2001年7月号FRONT「水をめぐる断想」にて掲載
河童のいる水族館

中村 元

 鳥羽水族館の企画室長としては公にしにくいことなのだが、実は、私は河童に会ったことがある。 そしてこれも秘密なのだが、鳥羽水族館では河童にお住まい願っている。

 小学生だった私が、河原でカエルをいじめていた時のことだった。 爆竹を取り出しながら、ひどくイケナイことをしようとしているという自覚に心臓はドキドキと波打っていた。
 爆竹に火をつけようとしたそのときである。 突如として背後の空が真っ暗になり、生ぬるい風が吹き、ドドドーンという雷の音。 びっくりした私が振り向いたそこに、そいつは立っていた。
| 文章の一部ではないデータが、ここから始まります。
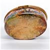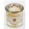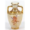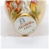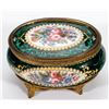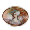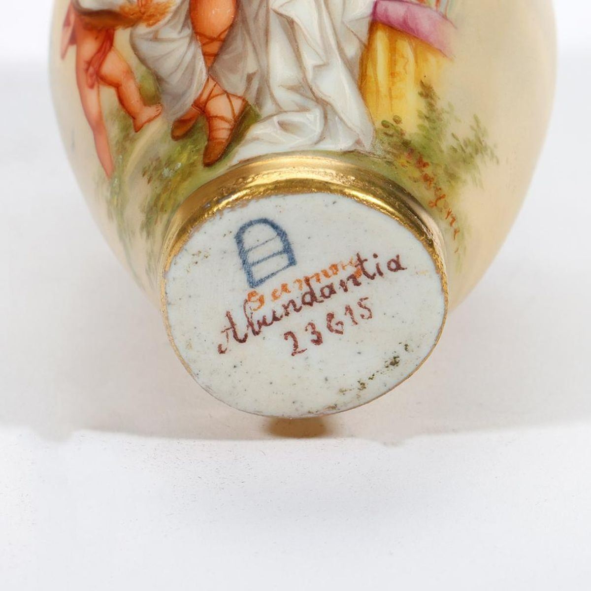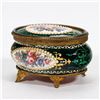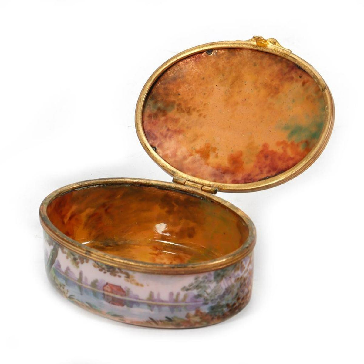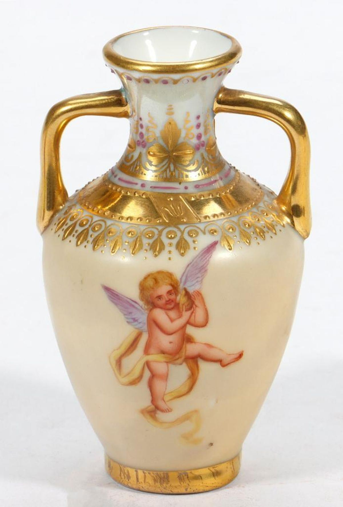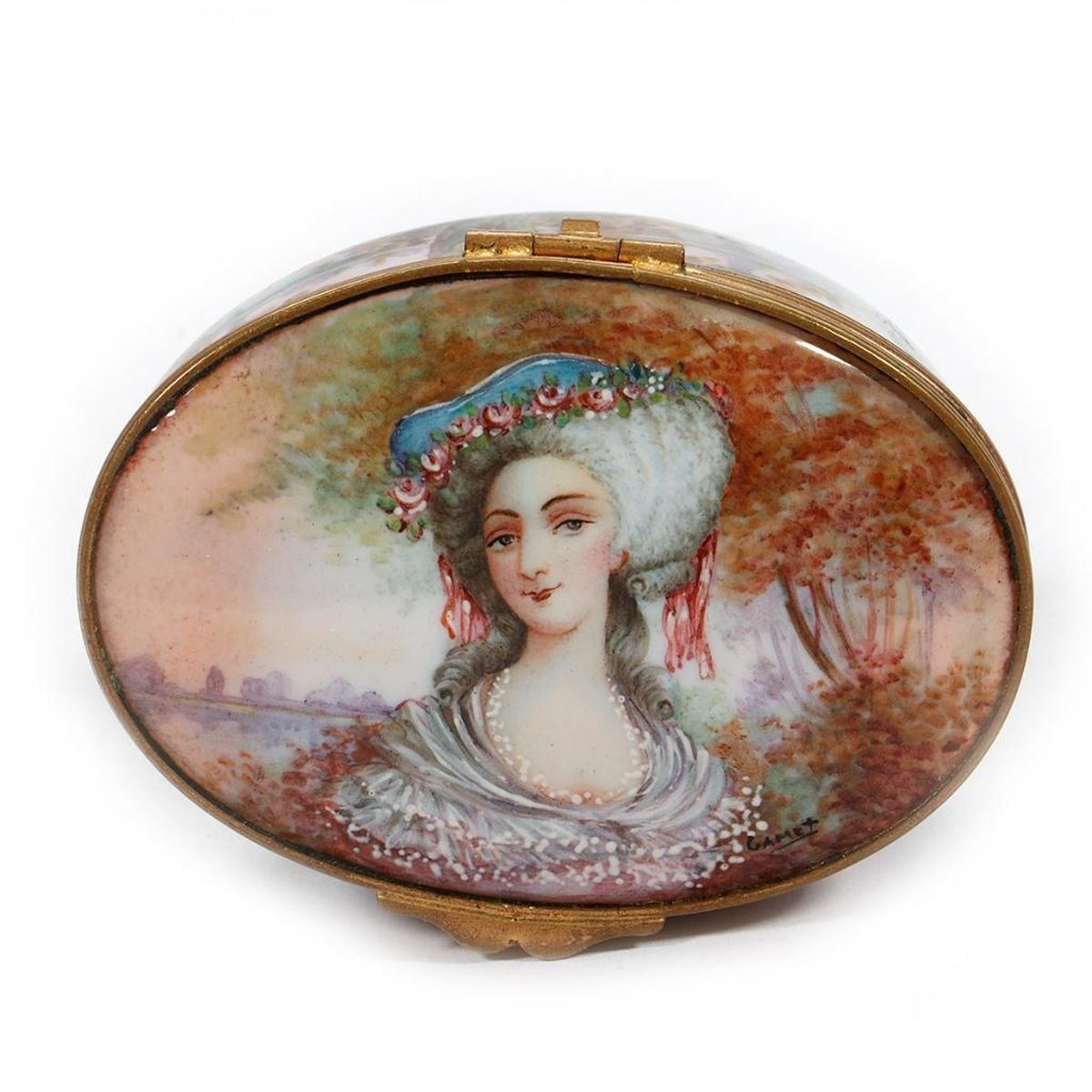 The oval box with silk lining (2 1/2in. h. x 4 1/2in.); together with a gilt porcelain lidded box, marked "Hand / Painted / [leaf] / (Nippon" 2 1/4in. h.); a gilt enameled box, marked "Ganet" and "France" (2 1/2in. long); and a tiny gilt vase, marked "[blue beehive] / Germany / Abundantia" (3in. h.). All in good condition; the larger box with wear to gilt, the silk lining worn/loosened.

 逆光で影になった顔に、大きな目と大きな口、そして笠をかぶったようなザンバラ頭。 間違いなく河童だった。
 私は声も出せずに一目散に逃げた。 河原は広く、近くにはだれもいなかったが、とにかく逃げ出すときのダッシュがよかったのだろう。 その時は運良く尻子玉を取られずに済んだ。
 もしかしたらそれは、カエルが私に掛けた呪いの幻惑だったのかもしれないし、罪悪感がその夜に見せた夢なのかもしれない。 しかし、いつ後ろから首根っこを鷲掴みにされるかと怯えながら、振り返りもせずに走ったあの恐怖感は、今でも首筋によみがえるのだ。

 その日から、私はたびたび河童の存在を感じた。
 川の淵で流れに飲まれて溺れかけたとき、淵の底からじっと私を見ている河童の目があった。 その目は、さあこっちへ来いよと誘っているようでもあったし、こっちに来てはいけないと怒っているようでもあった。
 とにかく私は、河童から逃げようと川下に向かってもがき、気が付いたら浅瀬にいた。脳みそまで疲れた頭の中で、ヒトは簡単に死ぬんだと河童が笑っていた。
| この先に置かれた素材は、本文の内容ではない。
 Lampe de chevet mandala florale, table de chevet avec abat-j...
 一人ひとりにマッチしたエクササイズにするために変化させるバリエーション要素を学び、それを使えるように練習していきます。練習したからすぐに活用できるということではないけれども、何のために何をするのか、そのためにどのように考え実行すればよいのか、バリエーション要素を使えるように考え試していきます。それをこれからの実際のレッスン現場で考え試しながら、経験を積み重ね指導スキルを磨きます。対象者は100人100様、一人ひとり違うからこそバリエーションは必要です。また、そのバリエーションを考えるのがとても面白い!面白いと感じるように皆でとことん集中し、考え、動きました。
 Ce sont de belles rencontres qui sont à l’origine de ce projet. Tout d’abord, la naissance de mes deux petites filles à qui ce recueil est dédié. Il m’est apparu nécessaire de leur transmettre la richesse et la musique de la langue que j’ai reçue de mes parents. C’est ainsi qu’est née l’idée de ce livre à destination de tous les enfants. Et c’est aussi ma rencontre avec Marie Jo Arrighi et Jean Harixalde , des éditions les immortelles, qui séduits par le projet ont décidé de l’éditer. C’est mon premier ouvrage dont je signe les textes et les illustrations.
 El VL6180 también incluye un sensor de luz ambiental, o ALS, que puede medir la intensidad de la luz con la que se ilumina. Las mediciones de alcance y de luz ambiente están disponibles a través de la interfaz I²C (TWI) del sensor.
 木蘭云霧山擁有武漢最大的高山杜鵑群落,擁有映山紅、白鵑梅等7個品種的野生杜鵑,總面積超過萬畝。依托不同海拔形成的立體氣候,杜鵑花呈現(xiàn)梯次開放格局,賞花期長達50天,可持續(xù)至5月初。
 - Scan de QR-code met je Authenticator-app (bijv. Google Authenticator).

 川干しで生け捕りした魚を焼いて食べようということになったときにも、すぐそばに河童の存在を感じた。 破れ傘の骨を串にして魚の口から刺したら、魚は猛烈に暴れて嫌がり、じきに私たちの手の中で息絶えた。
 たき火で焼いた黒焦げ生焼けの川魚が、調味料もなくて美味しかろうばずもないと思うのだが、私たちは「旨い旨い」を連発しながら生臭い身をほおばった。
 そのまま食べずに捨てたら、あの時の河童が必ず出て来ると分かっていたのだ。 あいつは絶対に僕らを見張っていて言っただろう。「お前たちは他の者たちの命をいただいて生きているのだ。殺しておいて食べないのなら、オレがお前たちの尻子玉を食ってやる」と。
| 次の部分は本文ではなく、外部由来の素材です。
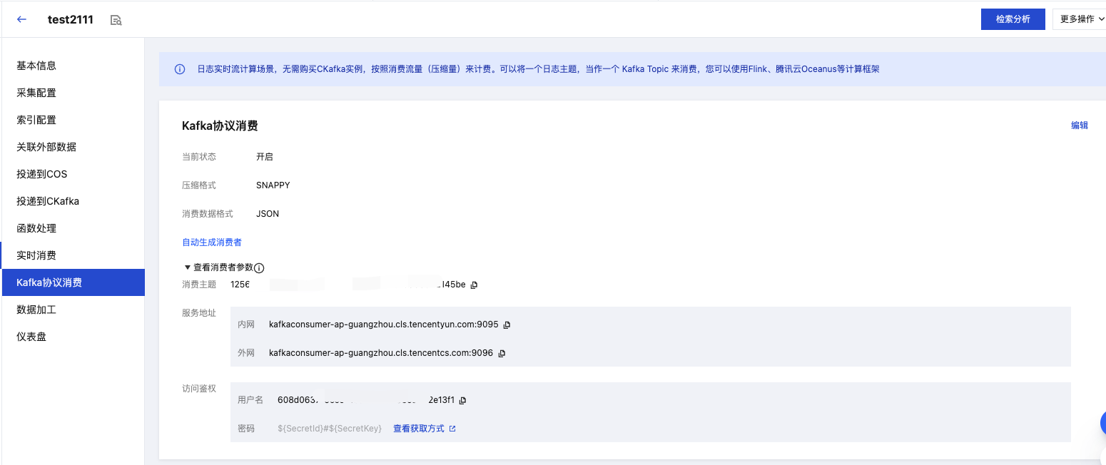 5. 完成配置后,单击确定后,您会看到该日志主题作为 Kafka 消费端的 Kafka Topic ID,Kafka 服务域名。将 Kafka Topic ID 与 Kafka 服务域名记录下来。
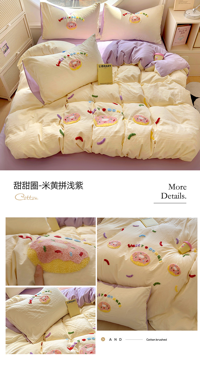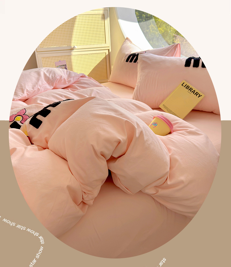 当前位置: 91家纺网 > 商品网购 > 床品套件 > 四件套 > 水洗棉四件套 > 韩秀家纺 2025新款水洗棉毛巾绣云朵棉四件套 心相印奶茶
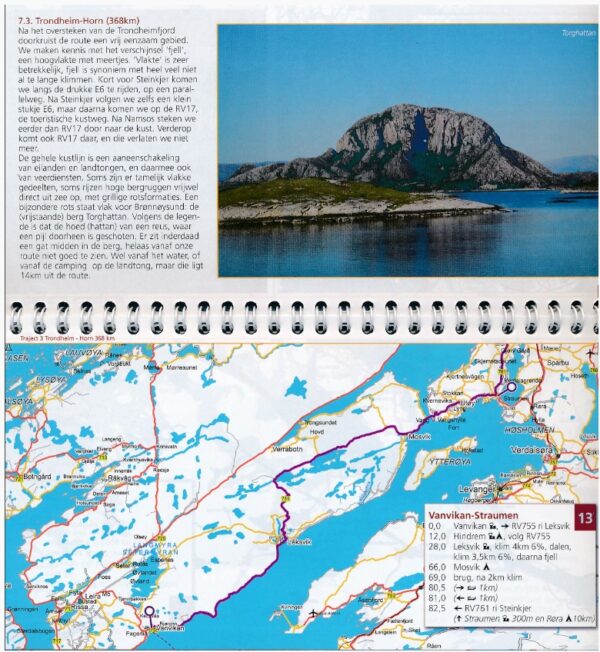 Noorwegen is een berglandschap, ook aan de kust. Vrijwel dagelijks moet er geklommen worden, met 10 klimmeters/km over het hele traject is deze route pittig te noemen. De hellingen zijn echter nergens echt steil, de norm is 6-8%. Wel vaak kilometers achter elkaar.
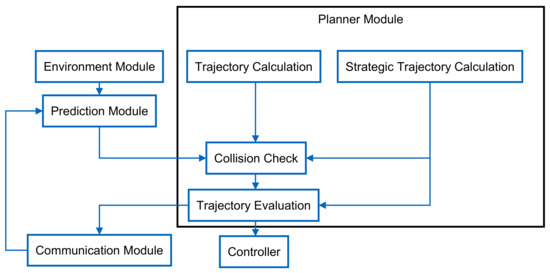 The environment model provides an object list with all surrounding objects. The object list is passed to the prediction module. Objects that are V2X-capable are assigned the planned and, if necessary, desired trajectory by the MCM. For these, no prediction is necessary. For non-V2X objects, the planned trajectory is predicted. Schubert et al. [67] compared methods for predicting vehicles, but the models are only valid for short time horizons. For the maneuver planner, however, longer planning horizons of, e.g., 10 s are needed. For this reason, prediction is performed as in [68]. The assumption is made that objects move along the current lane with constant velocity. The object information with the trajectories is passed to the planner module.
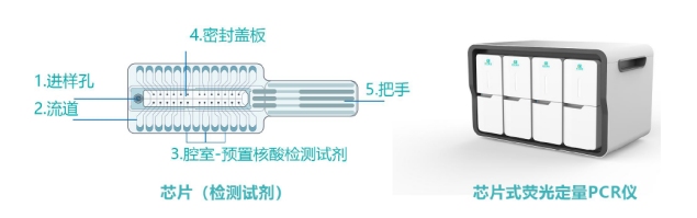 芯片式荧光qPCR多重核酸检测系统是基于微流控技术的qPCR反应装置体系。微流控芯片腔室内预置不同靶标的核酸检测试剂,从进样孔加入待检测样品模板,沿流道注入到各检测腔室复溶检测试剂,盖上盖板密封后,放入芯片式实时荧光PCR仪器内进行qPCR反应。
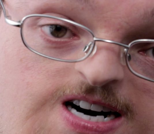 顔が変形した男の人が甲高い声で何かを叫んでいる動画
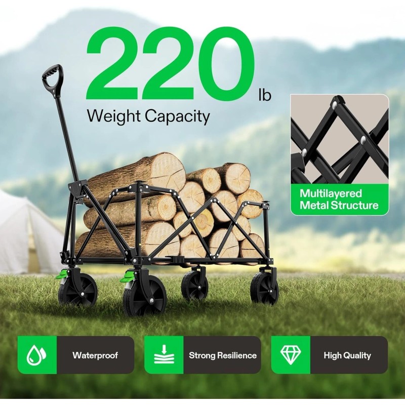 • Adjustable Handle: The wagon boasts a smoothly rotating, 90° adjustable handle for easy pushing and pulling; The handle locks securely in place, eliminating concerns about an uncontrollable wagon
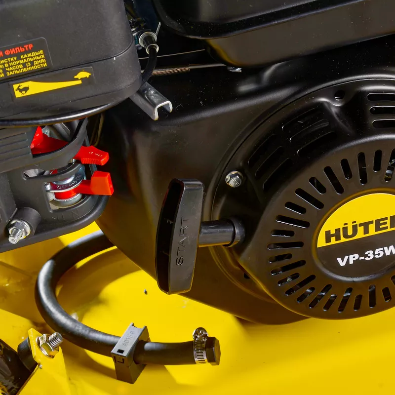 Складной механизм ручки Huter VP-35W обеспечивает хранение машины в небольших помещениях и простую перевозку в место работ. Вставки-демпферы на держателе подавляют вибрации, обеспечивая удобную эксплуатацию.
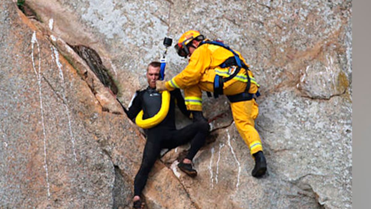 Los rescatistas llamaron al helicóptero y Gailey descendió con un cable para izar a Banks de la estrecha cornisa, con las hélices del aparato girando cerca del acantilado y el océano salpicando a los dos hombres.
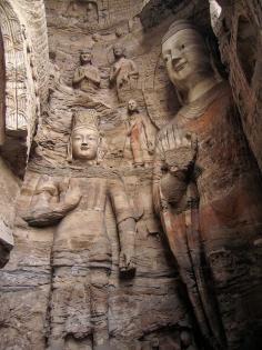 Stone carved Buddhas at Yungang Grottoes in Datong, China (by Around the World in 480 Days).
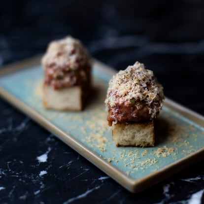 - La barra de la Tasquería. El cocinero Adrián Collantes defiende una oferta de tapas, raciones y platos cuya seña de identidad es la casquería. En Madrid.
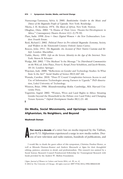 "From Tehran to Tahrir Square to Gezi Park-to mention only three key sites of protest made prominent in 2013-social media has been lauded as one of the key factors enabling popular uprisings and social movements. This has provided further hype for new or digital media, which were already being touted as a tool for social change, liberation, and the representation of marginalized or oppressed voices. In this essay, I argue not against new media per se but against technological determinism and fetishism. I argue that the transformative or repressive potential of different media changes dramatically across different sites of research and depends on the sociopolitical realities of the region being studied, including factors such as censorship, access, and infrastructure. Drawing on my research in Afghanistan, Iran, and Tajikistan, among other neighboring countries, I show the striking differences in the degree of effectiveness and ineffectiveness of different media in bringing about social change in those respective countries as well as regionally. Comparatively speaking, I focus on television and social media's catalytic role in stirring popular uprisings and the subsequent backlash and attack on those media. I also examine the gendered dimensions and dangers of media use and activism. In the case of Afghanistan, I consider the impact of international and transnational funding of media and human rights efforts. I conclude that in order for international interventions into local social movements to succeed, international experts in development, human rights, and media must take the lead from local residents and contexts, technologically and culturally, and work collaboratively with them." (Abstract)

 自然をいたずらにヒトの手に掛けることの罪悪感、ヒトが簡単に死ぬものであるという当たり前の感覚、ヒトのいるべきところといてはいけないところがあること、ヒトが他の命を奪ってしか生きていけないこと・・・。
 現在の私の自然観に流れる最も基本的なことは、すべて子供の頃に遊んだ川で学んだ。 そしてそのそばには、いつも河童がいたのだ。
 河童はきっと、先人たちが川に住まわせた自然への畏れである。
 川や山や海、そして自らの意識の奥底に物の怪を住まわせて、豊かな自然を残してきたのだ。
 河童たちが私たちの記憶から消えたときに、自然も崩壊してしまうだろう。 だから私は、鳥羽水族館を河童の見え隠れする水族館にしようと努めてきた。 よくご覧いただけは、水槽のそこかしこに、河童たちの目が光っているはずだ。

 小学校をあがってから、もう30年も経つが、今でも川縁に立つと河童の存在を探ってしまう。 でも、河童が潜んでいそうな川はもうほとんど見あたらない。 最近どこかで野生の河童を見かけたという方は、ぜひ私にご一報いただきたい。